19/08/2012 - Le 19 août est la Journée mondiale de l'aide humanitaire, l'occasion de célébrer l'humanité et le dynamisme des personnes qui aident les autres. Cette journée commémore aussi le plus grand attentat jamais perpétré contre des travailleurs humanitaires: le 19 août 2003, Sergio Vieira de Mello (alors représentant spécial du Secrétaire général des Nations unies) et 21 de ses collègues ont péri dans le bombardement du siège des Nations unies à Bagdad. En cette journée, la communauté internationale rend hommage à tous les travailleurs humanitaires qui ont perdu la vie dans l'accomplissement de leur mission, et rappelle que ces travailleurs doivent bénéficier, sans exception, d'un accès sécurisé aux victimes de catastrophes naturelles ou causées par l'homme.

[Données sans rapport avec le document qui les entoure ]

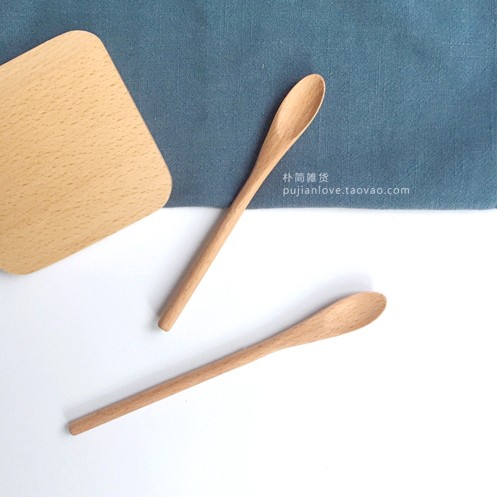 樸簡 外貿日式櫸木無漆木柄咖啡勺 餐勺 攪拌勺

L'action humanitaire est en passe de devenir une des professions les plus dangereuses au monde. Enlèvements, fusillades et menaces de mort font partie des risques du métier dans des pays tels que l'Afghanistan, le Soudan, la Syrie, la Somalie et d'autres endroits en proie à des conflits. Plus de 800 travailleurs humanitaires ont été tués en tentant d'apporter leur aide aux personnes dans le besoin ces dix dernières années, et 1 300 autres ont été enlevés ou blessés. Imaginez que vous êtes en train de porter secours à un enfant ou à une dame âgée en détresse et que vous vous retrouviez tout à coup menacé d'une arme, ou que l'on vous tire dessus. Tels sont les risques auxquels les travailleurs humanitaires sont bien trop souvent confrontés.
Voici les témoignages de quelques experts humanitaires de terrain. Certains racontent des expériences personnelles durant lesquelles leur vie ou celle de leurs collègues a été menacée. D'autres plaident pour le respect des principes humanitaires de neutralité et d'impartialité ainsi que des conventions internationales.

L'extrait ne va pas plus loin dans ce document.